Problem description. Only the lines from the one that contains "Reloj Swatch con" to the last line below, both included, should be transcribed. Pictures stay out of the copy.

Stored data.
****
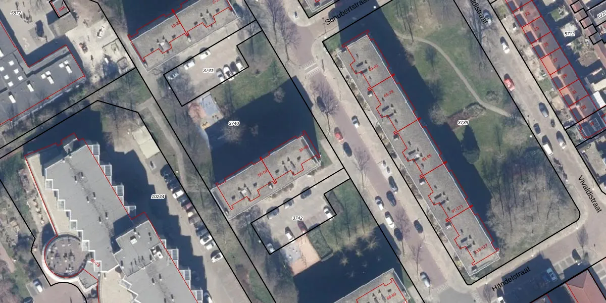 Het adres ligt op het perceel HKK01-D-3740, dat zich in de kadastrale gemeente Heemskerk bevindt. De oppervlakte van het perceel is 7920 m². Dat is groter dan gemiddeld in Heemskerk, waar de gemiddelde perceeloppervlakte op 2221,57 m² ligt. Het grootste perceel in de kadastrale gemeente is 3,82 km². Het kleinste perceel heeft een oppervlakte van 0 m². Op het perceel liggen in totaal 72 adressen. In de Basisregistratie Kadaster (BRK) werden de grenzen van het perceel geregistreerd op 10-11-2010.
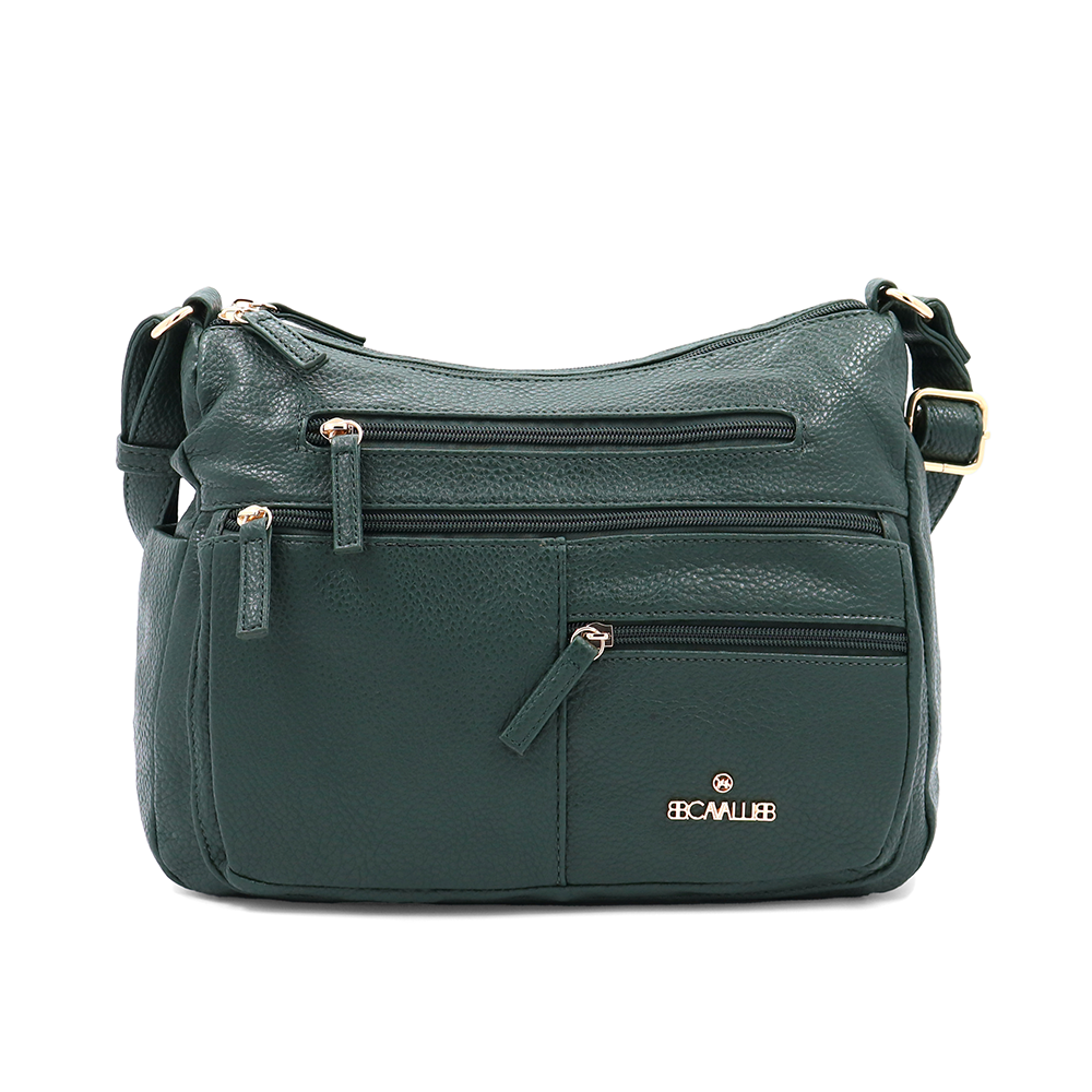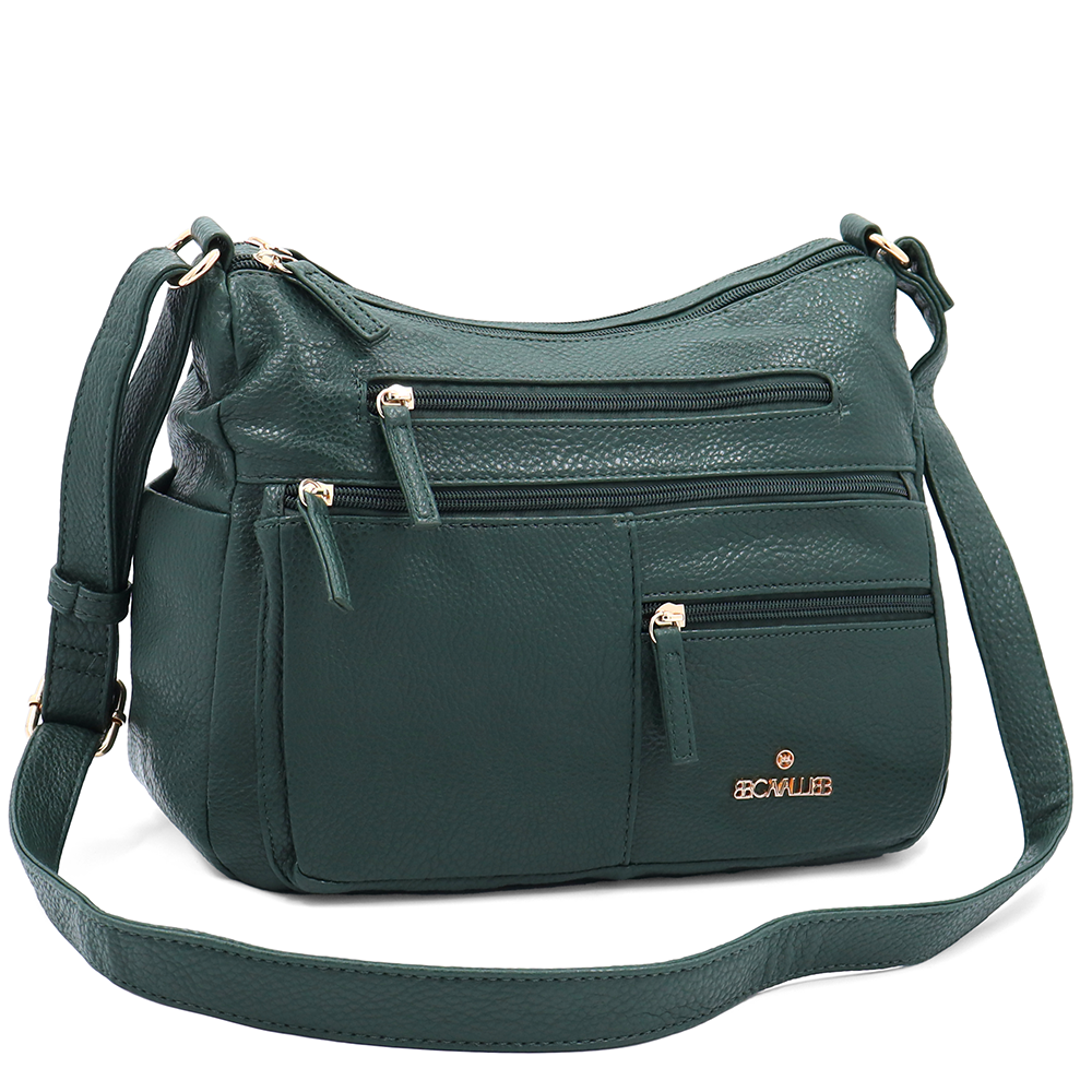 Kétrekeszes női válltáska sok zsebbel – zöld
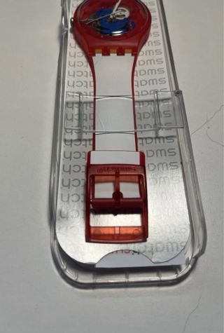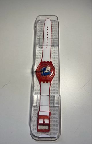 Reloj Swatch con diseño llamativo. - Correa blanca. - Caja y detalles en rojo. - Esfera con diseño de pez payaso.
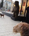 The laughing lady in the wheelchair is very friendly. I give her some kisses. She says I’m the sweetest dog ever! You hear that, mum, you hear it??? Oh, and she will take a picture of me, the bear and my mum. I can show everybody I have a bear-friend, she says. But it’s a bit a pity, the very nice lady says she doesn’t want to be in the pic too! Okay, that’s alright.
****
Result of this exercise.
 Reloj Swatch con diseño llamativo. - Correa blanca. - Caja y detalles en rojo. - Esfera con diseño de pez payaso.
 The laughing lady in the wheelchair is very friendly. I give her some kisses. She says I’m the sweetest dog ever! You hear that, mum, you hear it??? Oh, and she will take a picture of me, the bear and my mum. I can show everybody I have a bear-friend, she says. But it’s a bit a pity, the very nice lady says she doesn’t want to be in the pic too! Okay, that’s alright.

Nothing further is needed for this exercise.